• **What the task asks**:
Write the entries out exactly. Any images they hold stay out of the copy.

• **Records provided**:
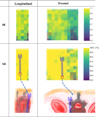 图16. 训练策略轨迹性能对初始位置的敏感性分析示例。不同3D初始位置的安全率(SR)和插入比(IR)值分别在纵向和冠状平面上进行说明。每个像素处的标量值是如果钻头在该像素位置初始化,规划轨迹的性能(IR或SR)(对于IR,解剖结构被省略)。
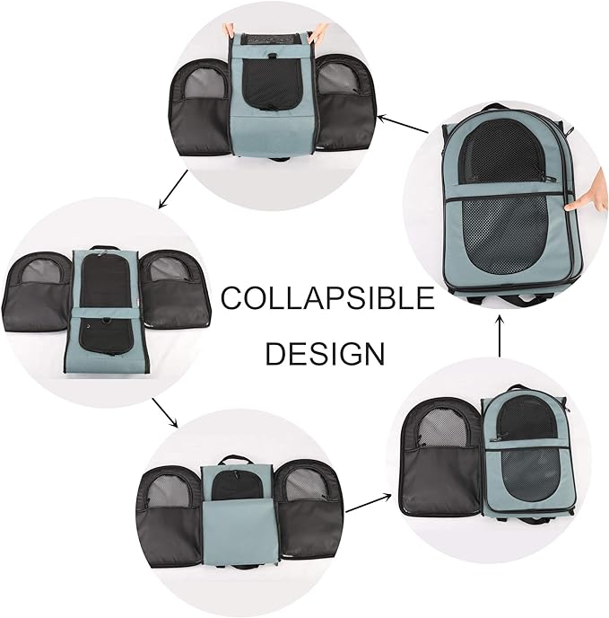 • BETTER CONSTUCTION-Well ventilated design for optimal airflow, two-way entry for easy access, top mesh window for more headroom and visibility, and thick, soft fleece bedding for your pet resting and relaxing. This backpack is firmly structured, providing ample room for your pet to move around.
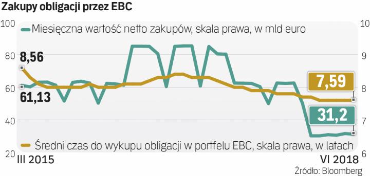 Rada Prezesów ogłosiła wówczas, że program QE, w ramach którego instytucja ta skupuje za wykreowane pieniądze instrumenty dłużne za 30 mld euro miesięcznie, od września zostanie ograniczony, a z końcem roku całkowicie wygaszony. Zapowiedziała też, że podwyżka stóp procentowych, która może być kolejnym krokiem do normalizacji polityki pieniężnej, jest możliwa najwcześniej po lecie 2019 r. Jeszcze długo po wygaszeniu QE EBC będzie też reinwestował wpływy z zapadających obligacji ze swojego portfela.
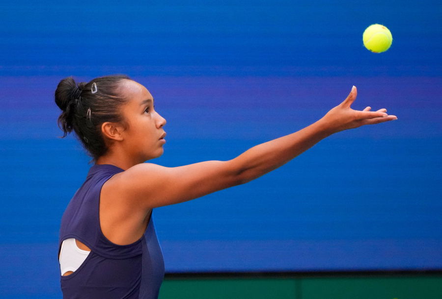 Sep 7, 2021; Flushing, NY, USA; Leylah Fernandez of Canada serves to Elina
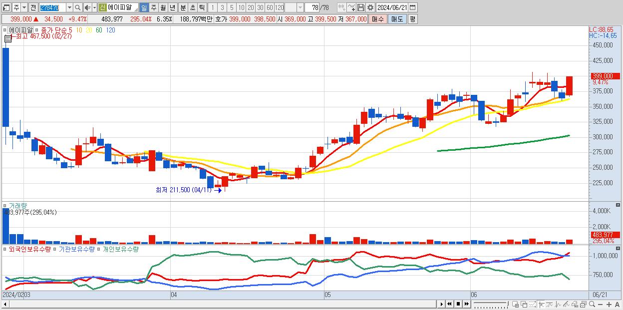 - 에이피알 (399,000원 ▲ 9.47% , 시총: 30,405억, 거래량: 483,977, 거래대금:1,888억)
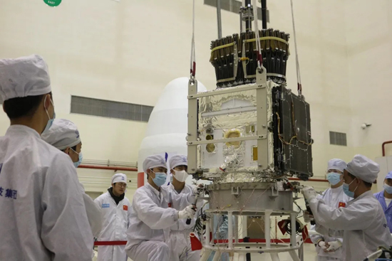 4月26日,记者从山东产研院获悉,根据齐鲁卫星星座建设规划,齐鲁卫星星座中的“齐鲁一号”和“齐鲁四号”将于4月27日在太原卫星发射中心发射,这将是齐鲁卫星星座首次发射,未来三到五年内,齐鲁星座将发展到20颗卫星。目前,高分辨率遥感市场刚刚起步,提前布局的齐鲁星座抢抓这一难得机遇,率先升空组网运行,将全面服务于山东高质量发展。图为工作人员正在对卫星进行检查。
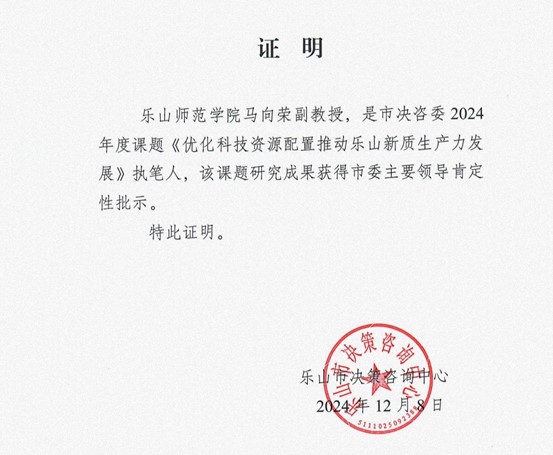 本网讯(文/李安然,图/陈果)近日,经济管理学院副教授马向荣博士执笔的咨政报告《优化科技资源配置推动乐山新质生产力发展》获市委主要领导肯定性批示。
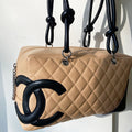 Chanel Around 2005 Made Cambon Shoulder Bag Beige/Black

• **Expected answer**:
 图16. 训练策略轨迹性能对初始位置的敏感性分析示例。不同3D初始位置的安全率(SR)和插入比(IR)值分别在纵向和冠状平面上进行说明。每个像素处的标量值是如果钻头在该像素位置初始化,规划轨迹的性能(IR或SR)(对于IR,解剖结构被省略)。
 • BETTER CONSTUCTION-Well ventilated design for optimal airflow, two-way entry for easy access, top mesh window for more headroom and visibility, and thick, soft fleece bedding for your pet resting and relaxing. This backpack is firmly structured, providing ample room for your pet to move around.
 Rada Prezesów ogłosiła wówczas, że program QE, w ramach którego instytucja ta skupuje za wykreowane pieniądze instrumenty dłużne za 30 mld euro miesięcznie, od września zostanie ograniczony, a z końcem roku całkowicie wygaszony. Zapowiedziała też, że podwyżka stóp procentowych, która może być kolejnym krokiem do normalizacji polityki pieniężnej, jest możliwa najwcześniej po lecie 2019 r. Jeszcze długo po wygaszeniu QE EBC będzie też reinwestował wpływy z zapadających obligacji ze swojego portfela.
 Sep 7, 2021; Flushing, NY, USA; Leylah Fernandez of Canada serves to Elina
 - 에이피알 (399,000원 ▲ 9.47% , 시총: 30,405억, 거래량: 483,977, 거래대금:1,888억)
 4月26日,记者从山东产研院获悉,根据齐鲁卫星星座建设规划,齐鲁卫星星座中的“齐鲁一号”和“齐鲁四号”将于4月27日在太原卫星发射中心发射,这将是齐鲁卫星星座首次发射,未来三到五年内,齐鲁星座将发展到20颗卫星。目前,高分辨率遥感市场刚刚起步,提前布局的齐鲁星座抢抓这一难得机遇,率先升空组网运行,将全面服务于山东高质量发展。图为工作人员正在对卫星进行检查。
 本网讯(文/李安然,图/陈果)近日,经济管理学院副教授马向荣博士执笔的咨政报告《优化科技资源配置推动乐山新质生产力发展》获市委主要领导肯定性批示。
 Chanel Around 2005 Made Cambon Shoulder Bag Beige/Black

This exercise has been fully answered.